Task directions = Your answer must restate each entry below word for word, with no pictures in it.

Records for this task =
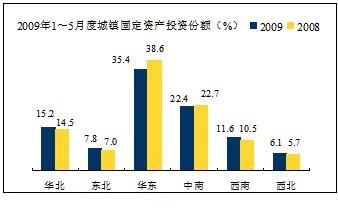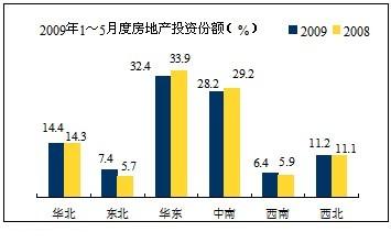 從各地區(qū)房地產(chǎn)投資份額情況來看,增長(zhǎng)較高的是東北地區(qū)從5.7%提高7.4%,華北、西南、西北略有增長(zhǎng),華東、中南與去年同期相比各下降1個(gè)百分點(diǎn)。
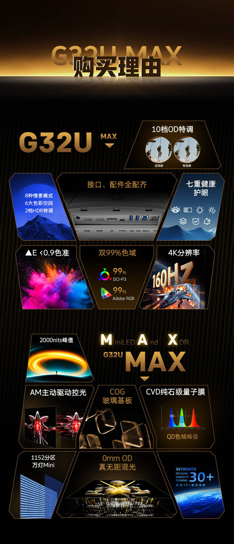 【太平洋科技快讯】11 月 20 日消息,创维 SKYWORTH 已在电商平台上架了 G32U Max 显示器。该显示器采用 31.5 英寸QD Mini LED Fast IPS 面板,新一代 MiniLED,拥有 1152 个背光分区,1152 个控光芯片、1 区 9 灯、共计 10308 颗 LED 灯珠。
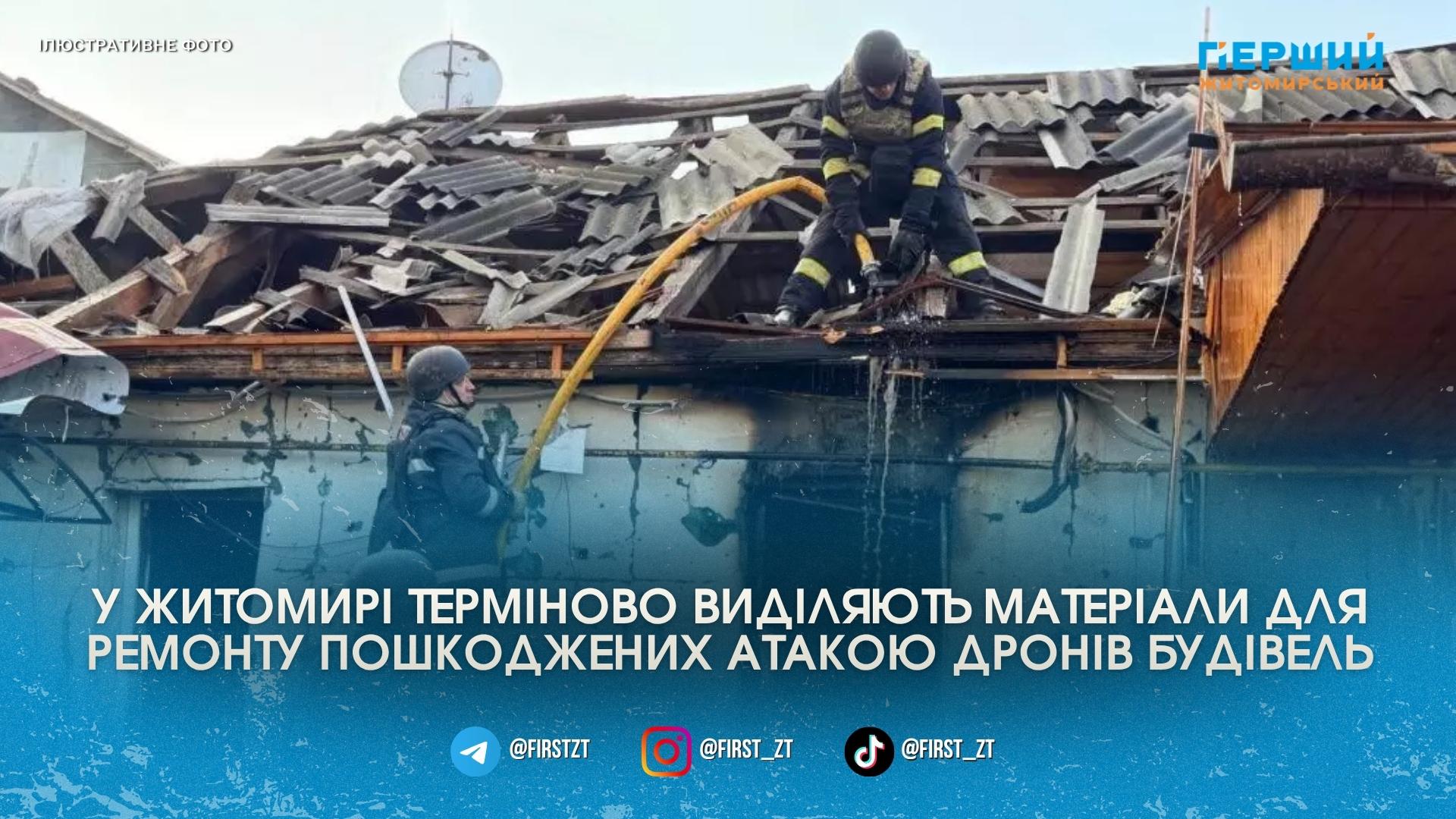 У Житомирі продовжують ліквідовувати наслідки ворожої дронової атаки, що сталася 24 березня. Містянам, чиї оселі зазнали руйнувань, нададуть матеріали для тимчасового закриття вибитих вікон та пошкоджених конструкцій.
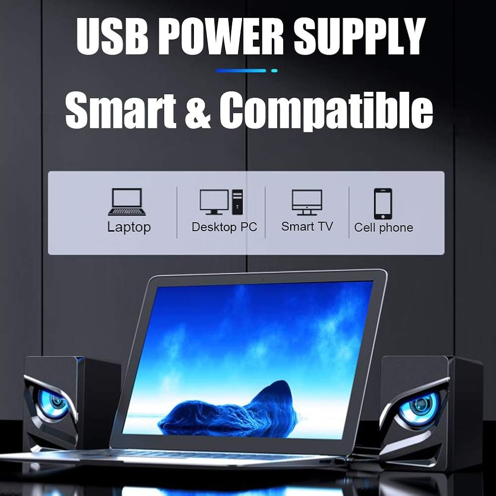 These speakers with sharp eye are compatible with any audio device with 3.5mm stereo audio, like Smartphone, MP3 Player, Androids, Desktops, and Laptops.
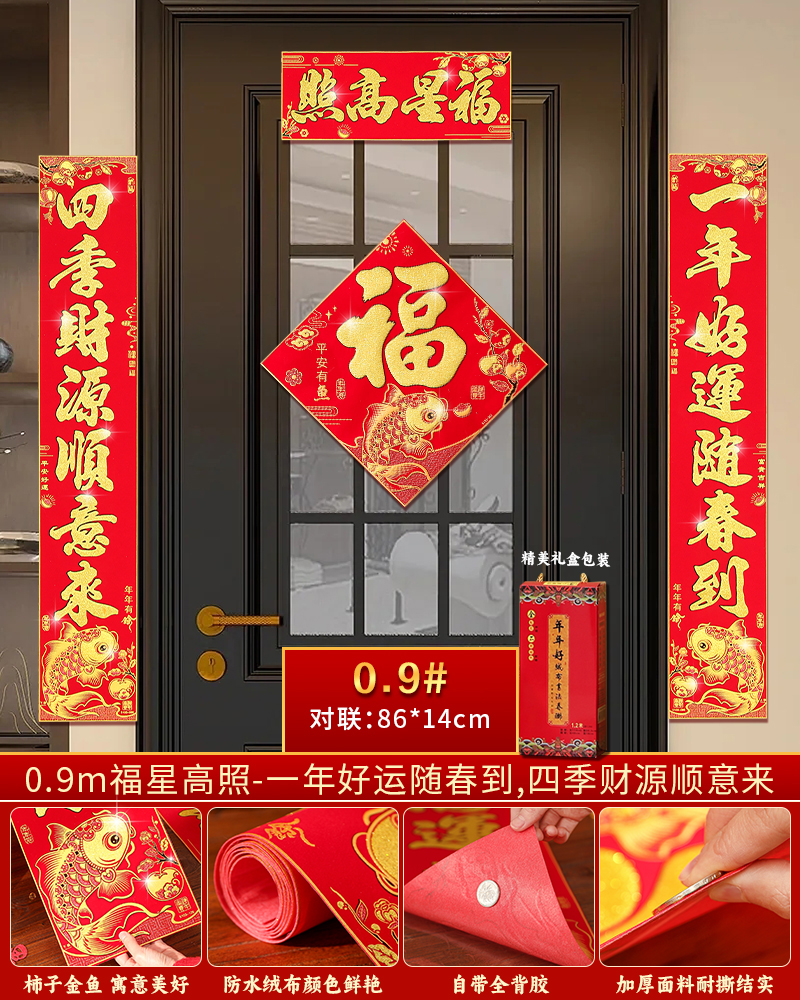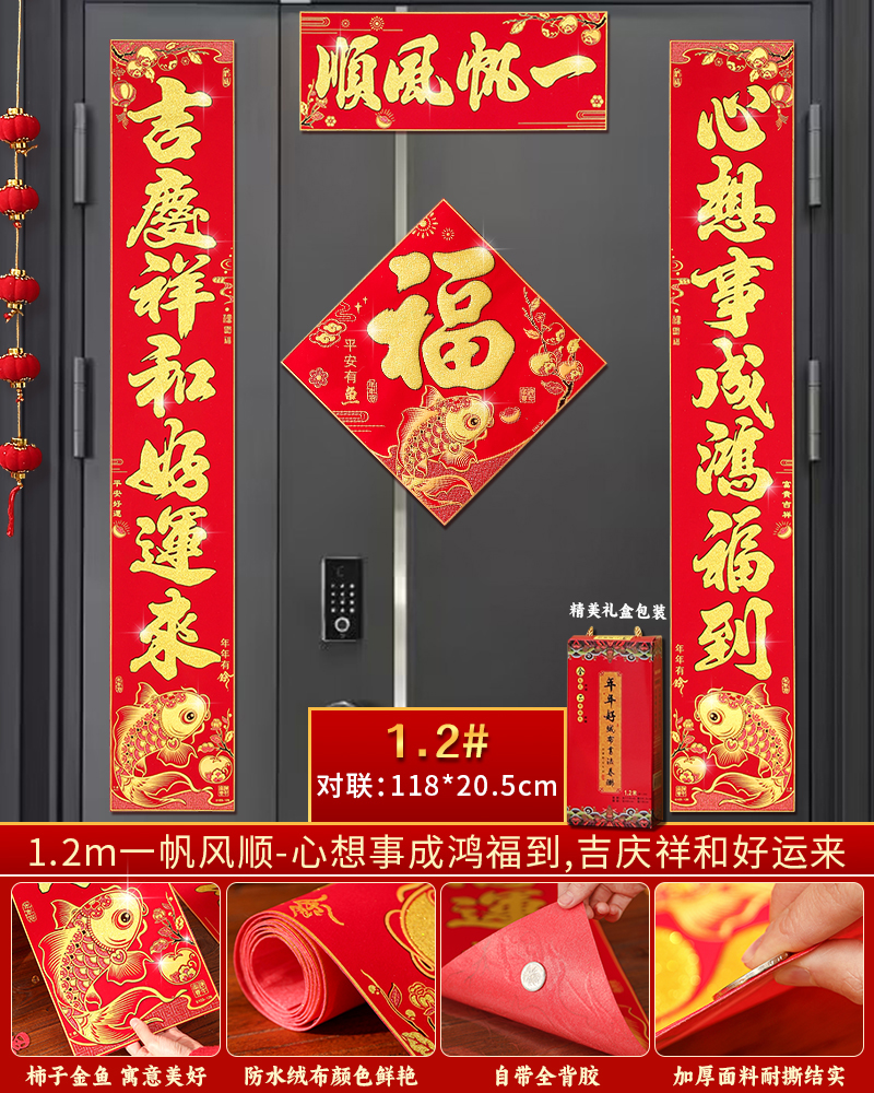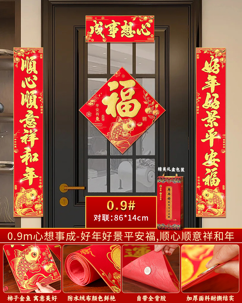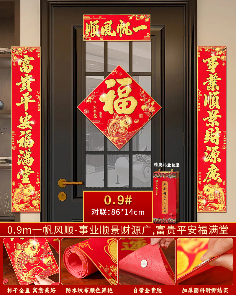 | velvet couplets (with door lucky charm) [self-adhesive backing](绒布对联(带门福)【自带背胶】) | USD $25.8 | 200 piece available |
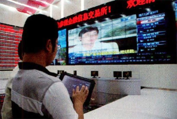 智能中控-參觀中記者發現陪同的技術人員手上拿著一塊平板電腦,這就是為什么我們走到那里都有特殊待遇 的原因了。交易所采用的MIP智能管理控制系統,專門用于多媒體控制的新型技術。MIP可以將原來對各類視頻源、音頻源、視音頻終端播放設備、各類信號間的切換和一些強電設備的分散控制和操作全部集中在一起,經過軟件編程,就可以在同一個觸摸屏上實現對所有設備的分別控制和程序化控制。

Output below =
 從各地區(qū)房地產(chǎn)投資份額情況來看,增長(zhǎng)較高的是東北地區(qū)從5.7%提高7.4%,華北、西南、西北略有增長(zhǎng),華東、中南與去年同期相比各下降1個(gè)百分點(diǎn)。
 【太平洋科技快讯】11 月 20 日消息,创维 SKYWORTH 已在电商平台上架了 G32U Max 显示器。该显示器采用 31.5 英寸QD Mini LED Fast IPS 面板,新一代 MiniLED,拥有 1152 个背光分区,1152 个控光芯片、1 区 9 灯、共计 10308 颗 LED 灯珠。
 У Житомирі продовжують ліквідовувати наслідки ворожої дронової атаки, що сталася 24 березня. Містянам, чиї оселі зазнали руйнувань, нададуть матеріали для тимчасового закриття вибитих вікон та пошкоджених конструкцій.
 These speakers with sharp eye are compatible with any audio device with 3.5mm stereo audio, like Smartphone, MP3 Player, Androids, Desktops, and Laptops.
 | velvet couplets (with door lucky charm) [self-adhesive backing](绒布对联(带门福)【自带背胶】) | USD $25.8 | 200 piece available |
 智能中控-參觀中記者發現陪同的技術人員手上拿著一塊平板電腦,這就是為什么我們走到那里都有特殊待遇 的原因了。交易所采用的MIP智能管理控制系統,專門用于多媒體控制的新型技術。MIP可以將原來對各類視頻源、音頻源、視音頻終端播放設備、各類信號間的切換和一些強電設備的分散控制和操作全部集中在一起,經過軟件編程,就可以在同一個觸摸屏上實現對所有設備的分別控制和程序化控制。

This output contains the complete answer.